Task item:
Repeat, word for word and with nothing added, each line from the one containing "记者们认真听讲解员介绍朱德的成长经历。(中国台湾网 李宁 摄)" to the final line of the data, keeping both ends. Pictures are not part of the copy.

************

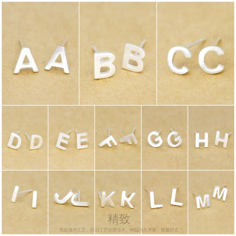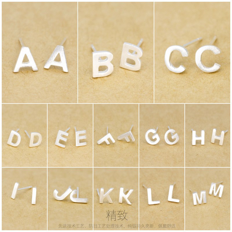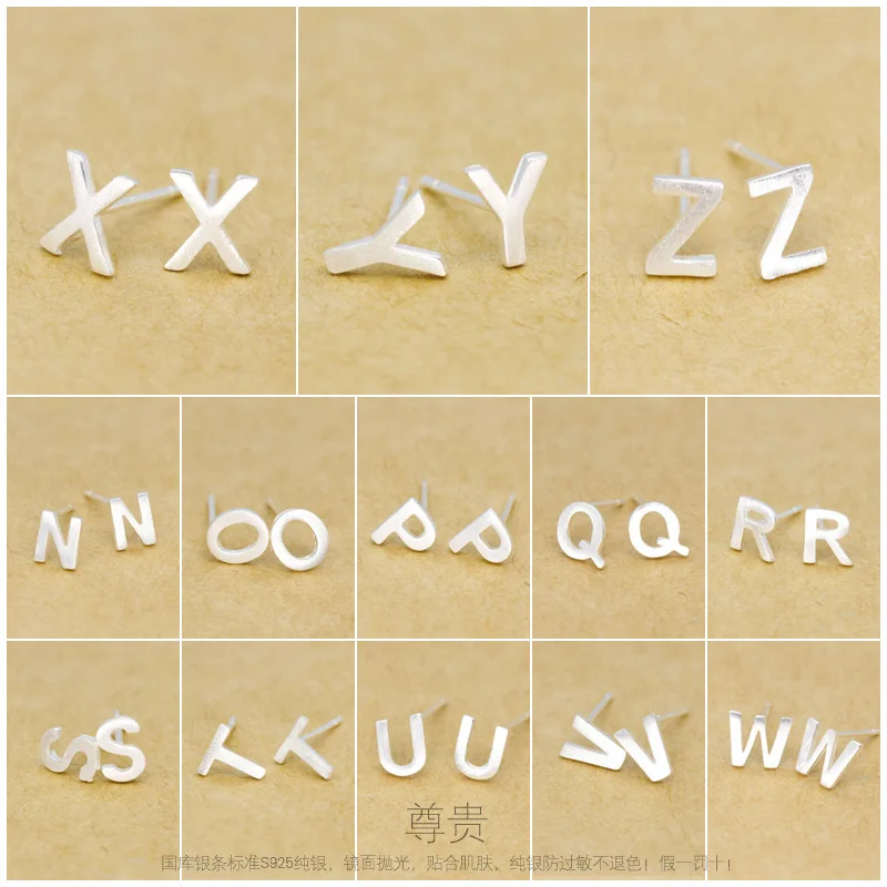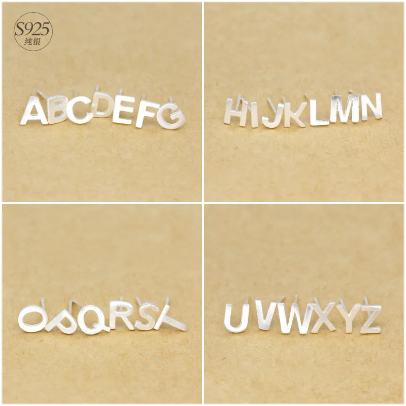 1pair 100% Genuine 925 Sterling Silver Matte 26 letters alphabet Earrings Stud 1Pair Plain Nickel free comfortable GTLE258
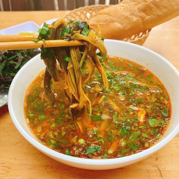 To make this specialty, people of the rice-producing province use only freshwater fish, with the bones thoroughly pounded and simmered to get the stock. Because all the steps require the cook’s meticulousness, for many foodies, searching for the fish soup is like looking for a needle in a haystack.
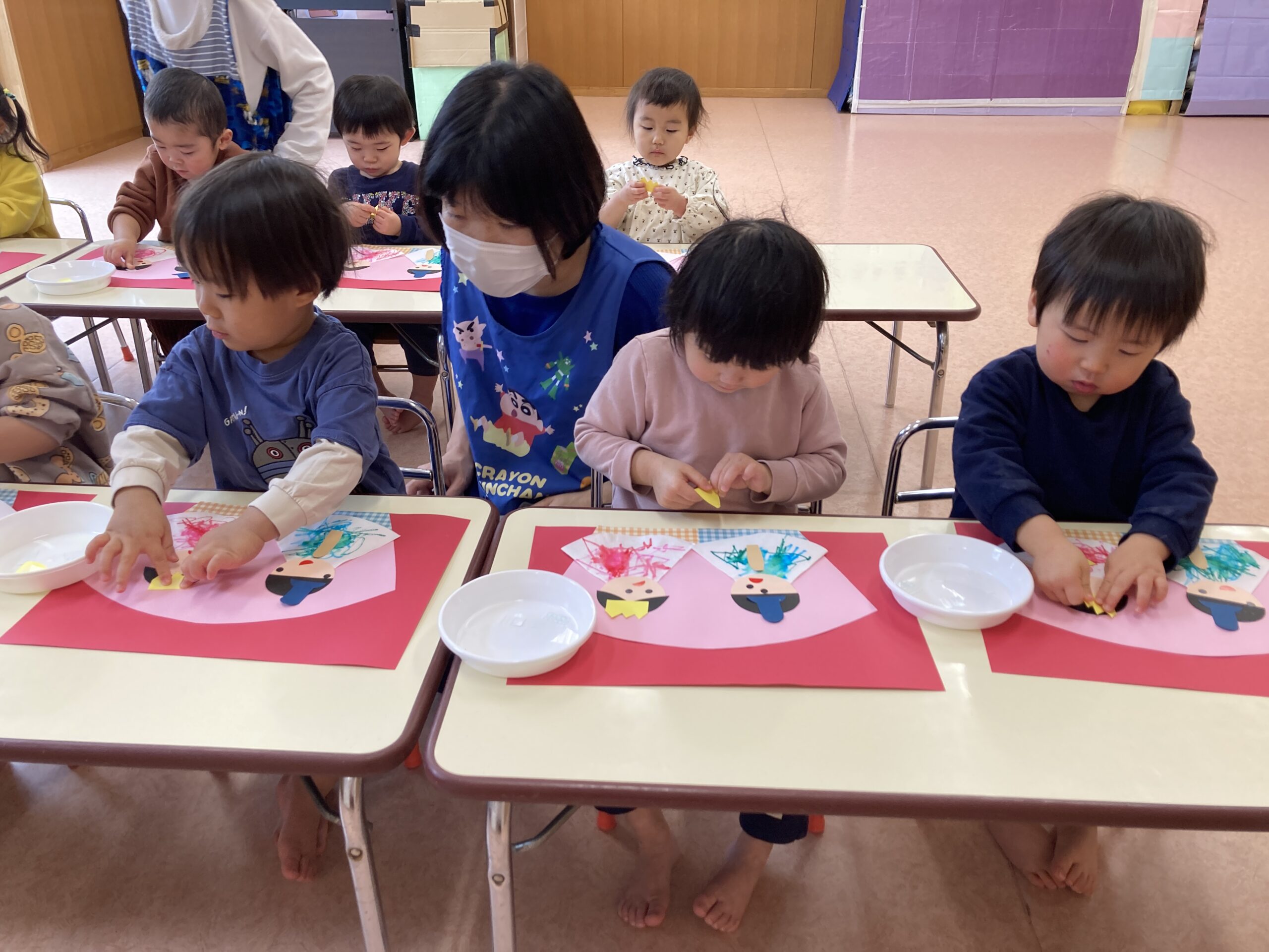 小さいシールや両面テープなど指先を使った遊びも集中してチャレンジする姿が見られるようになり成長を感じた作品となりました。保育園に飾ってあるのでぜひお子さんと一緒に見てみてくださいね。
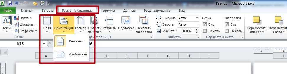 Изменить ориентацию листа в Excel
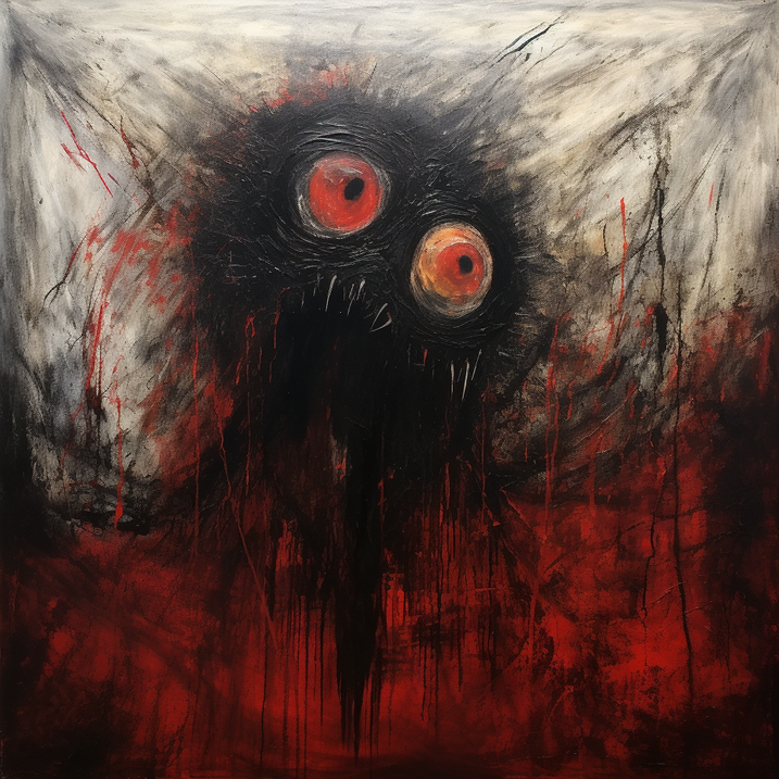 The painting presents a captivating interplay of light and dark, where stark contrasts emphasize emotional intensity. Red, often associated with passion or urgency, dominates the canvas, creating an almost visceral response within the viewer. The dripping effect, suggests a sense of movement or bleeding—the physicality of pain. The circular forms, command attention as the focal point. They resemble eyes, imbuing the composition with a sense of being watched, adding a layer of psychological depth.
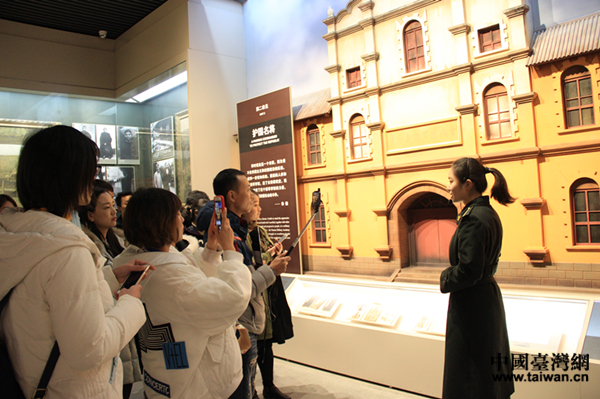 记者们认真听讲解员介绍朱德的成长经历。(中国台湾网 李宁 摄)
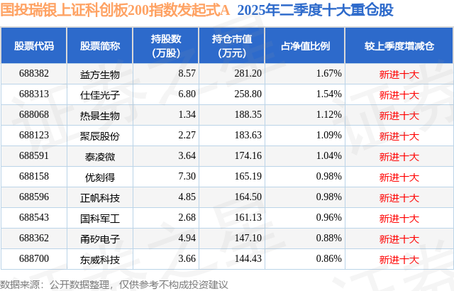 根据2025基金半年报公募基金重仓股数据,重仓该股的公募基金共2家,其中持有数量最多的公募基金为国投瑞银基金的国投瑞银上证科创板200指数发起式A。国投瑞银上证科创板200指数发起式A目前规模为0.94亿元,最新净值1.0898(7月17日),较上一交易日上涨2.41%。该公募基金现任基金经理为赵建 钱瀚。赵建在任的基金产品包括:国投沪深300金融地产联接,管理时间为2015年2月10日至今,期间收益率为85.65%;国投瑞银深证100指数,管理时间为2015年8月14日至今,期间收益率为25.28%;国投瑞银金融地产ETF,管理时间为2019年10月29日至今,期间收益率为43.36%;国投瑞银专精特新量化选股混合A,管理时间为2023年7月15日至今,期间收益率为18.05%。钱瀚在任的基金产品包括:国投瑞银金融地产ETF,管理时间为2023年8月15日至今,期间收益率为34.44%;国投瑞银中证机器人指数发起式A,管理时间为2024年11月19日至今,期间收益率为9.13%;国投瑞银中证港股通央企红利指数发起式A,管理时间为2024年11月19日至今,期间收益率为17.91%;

************

Written answer:
 记者们认真听讲解员介绍朱德的成长经历。(中国台湾网 李宁 摄)
 根据2025基金半年报公募基金重仓股数据,重仓该股的公募基金共2家,其中持有数量最多的公募基金为国投瑞银基金的国投瑞银上证科创板200指数发起式A。国投瑞银上证科创板200指数发起式A目前规模为0.94亿元,最新净值1.0898(7月17日),较上一交易日上涨2.41%。该公募基金现任基金经理为赵建 钱瀚。赵建在任的基金产品包括:国投沪深300金融地产联接,管理时间为2015年2月10日至今,期间收益率为85.65%;国投瑞银深证100指数,管理时间为2015年8月14日至今,期间收益率为25.28%;国投瑞银金融地产ETF,管理时间为2019年10月29日至今,期间收益率为43.36%;国投瑞银专精特新量化选股混合A,管理时间为2023年7月15日至今,期间收益率为18.05%。钱瀚在任的基金产品包括:国投瑞银金融地产ETF,管理时间为2023年8月15日至今,期间收益率为34.44%;国投瑞银中证机器人指数发起式A,管理时间为2024年11月19日至今,期间收益率为9.13%;国投瑞银中证港股通央企红利指数发起式A,管理时间为2024年11月19日至今,期间收益率为17.91%;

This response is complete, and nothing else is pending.